LightweightReka

Reka Flash 3

Reka Flash 3 is Reka's lightweight text model designed for fast inference, featuring a 65K token context window and optimized for speed-focused applications.

Context 66K
Tier Lightweight
Input from
$0.100 / 1M tokens
across 1 provider

API Pricing

ProviderInput / 1MOutput / 1MSpeedTTFTUpdated
$0.100$0.20087.0 t/s1.2s4/14/2026

Prices updated daily. Last check: 4/14/2026

Model Details

General

Creator
Reka
Family
Reka
Tier
Lightweight
Context Window
66K
Modalities
Text

Capabilities

Tool Calling
No
Open Source
No

Strengths & Limitations

  • High throughput at 85.37 output tokens per second for fast text generation
  • 65,536 token context window allows processing of substantial documents
  • Lightweight architecture optimized for speed and efficiency
  • Reasonable time to first token at 1,268ms for interactive applications
  • Text-focused design without complexity of multimodal processing
  • Suitable for high-volume batch processing scenarios
  • No tool calling or function execution capabilities
  • Text-only input - no support for images or other modalities
  • Proprietary model with no open source weights available
  • Lightweight tier limits advanced reasoning compared to flagship models
  • Longer time to first token compared to some speed-optimized competitors

Key Features

65,536 token context window
Text input and output processing
Streaming response support
Batch processing capabilities
REST API access
Lightweight inference optimization
High-throughput text generation

About Reka Flash 3

Reka Flash 3 is a lightweight text generation model developed by Reka, positioned as their speed-optimized offering within the Reka model family.

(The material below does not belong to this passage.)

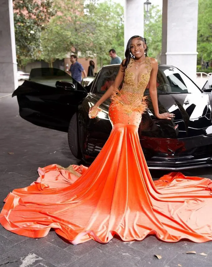 Orange Luxury Long Mermaid Prom Dresses for Women 2024 Sparkly Diamond Velvet African Black Girl Evening Gala Gown
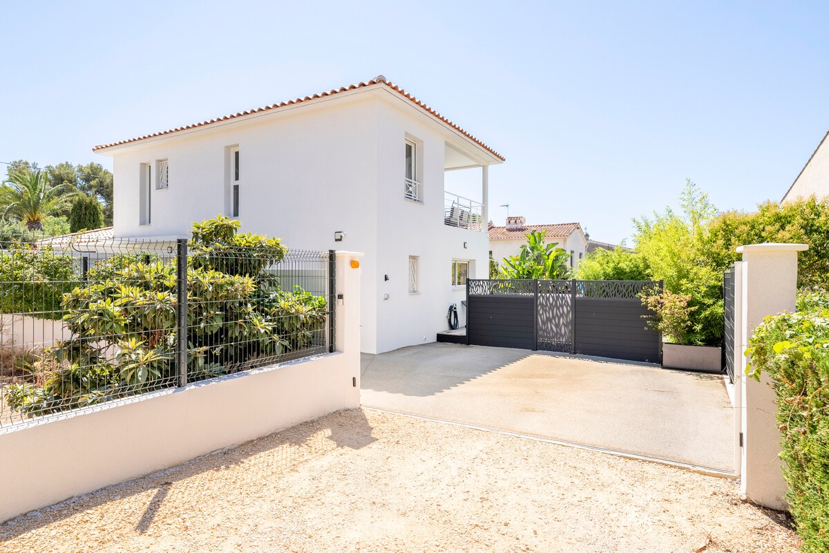 Affittiamo la nostra affascinante villa familiare di 120 m2 abitabili, completamente climatizzata, costruita nel 2022, situata a 100 m dalla baia di Capellan (con ristorante)e a 10 minuti a piedi dalla spiaggia Rènecros e dal centro della città di Bandol, soddisferà grandi e piccini della famiglia con la sua piscina riscaldata (a seconda della stagione) Vicino a tutti i servizi (minimarket, polli, pizze, farmacia ...) A 150 m dai campi da tennis e padel .

As a lightweight tier model, it prioritizes fast inference and efficiency over maximum capability, making it suitable for applications where response time is critical. The model operates with a 65,536 token context window and focuses exclusively on text input and output, without multimodal capabilities or tool calling functionality. Performance benchmarks show it delivers 85.37 output tokens per second with a time to first token of 1,268 milliseconds, indicating its optimization for throughput-oriented workloads. Reka Flash 3 serves applications requiring rapid text processing at scale, competing with other lightweight models in scenarios where cost efficiency and speed matter more than advanced reasoning capabilities. The model is proprietary and available only through API access.

Common Use Cases

Reka Flash 3 is designed for applications requiring fast, cost-effective text processing at scale. Its lightweight architecture and high throughput make it well-suited for content generation, document summarization, text classification, and customer service chatbots where speed matters more than complex reasoning. The 65K context window enables processing of longer documents while maintaining efficiency. Organizations running high-volume text processing workloads, automated content workflows, or real-time chat applications can benefit from its speed-optimized design, though users needing advanced capabilities like tool use or multimodal input should consider higher-tier alternatives.

Frequently Asked Questions

How much does Reka Flash 3 cost per million tokens?

Reka Flash 3 pricing varies by provider and usage patterns. Check the pricing table above for current rates across all available providers offering this model.

What is Reka Flash 3 best used for?

Reka Flash 3 excels at high-volume text processing tasks requiring fast response times, including content generation, document processing, text classification, and chatbot applications where speed and cost efficiency are prioritized over advanced reasoning capabilities.

Does Reka Flash 3 support tool calling or function execution?

No, Reka Flash 3 does not support tool calling or function execution. It focuses exclusively on text generation tasks. Users needing tool integration should consider higher-tier models in the Reka family or other providers offering function calling capabilities.